Los elementos tóxicos y el carbono tienen un poderoso enemigo en forma de este elemento muy común
El proceso ofrece un segundo beneficio: el carbono se asocia a la superficie del mineral
El cromo hexavalente, también conocido como Cr(VI), es una sustancia química con varias propiedades que, a priori, resultan beneficiosas, como la resistencia a la corrosión, buena durabilidad y dureza. Por ello, se ha utilizado mucho como anticorrosivos y para la fabricación de pigmentos, acabado de metales y cromados, producción de acero inoxidable, curtido de cueros y conservantes para madera. Incluso se ha usado en procesos de teñido en la industria textil, tintas de impresión, lodos de perforación, fuegos artificiales y tratamiento de aguas.

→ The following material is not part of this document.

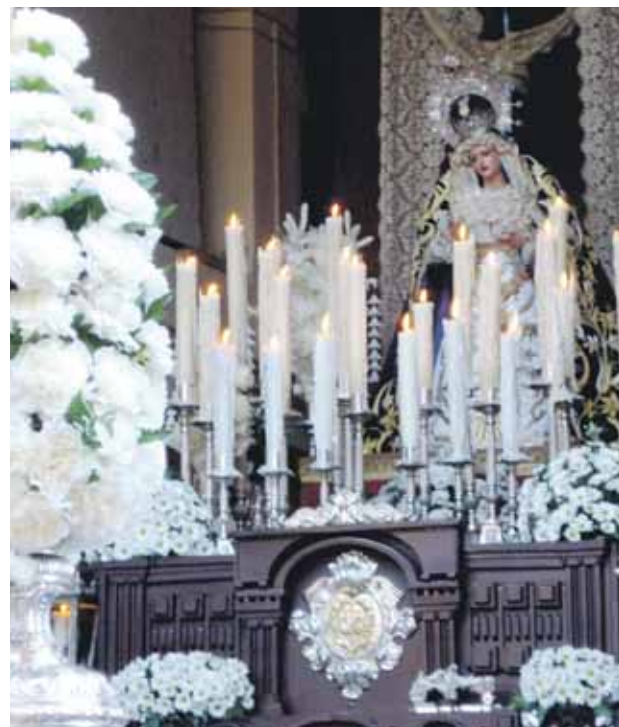
ALTARES Y NIÑOS. La Hermandad de Cuatrovitas montó por primera vez un altar para el Corpus (izquierda). El de la Soledad (derecha), ya es un clásico. Los niños de comunión desfilaron junto al Santísimo.

Las personas más expuestas al cromo hexavalente son las que realizan galvanoplastia (deposición de una fina capa de metal sobre una pieza conductora mediante electrólisis con corriente continua), soldadura y pintura de cromado. La inhalación de polvo o vapores, así como el contacto directo con la piel o los ojos, es muy peligrosa, ya que la exposición a esta sustancia química está relacionada con un mayor riesgo de cáncer de pulmón, cáncer de seno paranasal y cáncer de cavidad nasal.
Además, debido a su fácil disolución en agua, el cromo hexavalente puede propagarse a las aguas subterráneas y representar graves riesgos para la salud de personas que no trabajan en estas industrias. Por suerte, los científicos han identificado un mineral de hierro natural que puede atrapar cromo tóxico en suelos contaminados y al mismo tiempo retener carbono, haciéndolo ideal para la limpieza de sitios industriales y mineros.
Los minerales de hierro de baja cristalinidad son más efectivos para reducir el Cr(VI)
Los investigadores de la Universidad de Tongji (en Shanghái, China), dirigidos por el profesor Bin Dong, investigaron cómo la materia orgánica disuelta interactúa con diferentes (oxihidr)óxidos de hierro para inmovilizar el cromo. Sus hallazgos demuestran que no todos los minerales de hierro tienen el mismo rendimiento. El equipo descubrió que los minerales de hierro de baja cristalinidad, particularmente la ferrihidrita, son mucho más eficaces que las formas más cristalinas como la goethita y la hematita para reducir e inmovilizar Cr(VI).
Al parecer, la ferrihidrita presenta una estructura poco ordenada y una superficie altamente reactiva, a diferencia de los minerales cristalinos más estables. Esto le confiere mayor capacidad para fijar tanto la materia orgánica disuelta como el cromo directamente sobre su superficie. Tanto las moléculas orgánicas como el cromo se acumulan en la superficie del mineral, acelerando la reducción y la estabilización.
El mineral se basa en múltiples mecanismos de unión, como la adsorción electrostática, el intercambio de ligandos y la incorporación reticular, para fijar el cromo y el carbono. Esta combinación crea una vía de inmovilización más estable. "La naturaleza tiene un sistema de filtración incorporado, pero no todos los minerales son iguales", dijo el profesor Bin Dong.
"Al comprender la interacción molecular entre la materia orgánica y los minerales de hierro, podemos diseñar soluciones más inteligentes, basadas en la naturaleza, para limpiar suelos mineros altamente contaminados y, al mismo tiempo, ayudar al planeta a almacenar más carbono", añadió Dong.
Por si fuera poco, el proceso ofrece un segundo beneficio. A medida que la materia orgánica se une a la ferrihidrita, el carbono se asocia a la superficie del mineral. Esto limita su descomposición y reduce la probabilidad de que regrese a la atmósfera en forma de dióxido de carbono. Para validar sus hallazgos de laboratorio, el equipo realizó experimentos de lixiviación utilizando suelos mineros reales contaminados.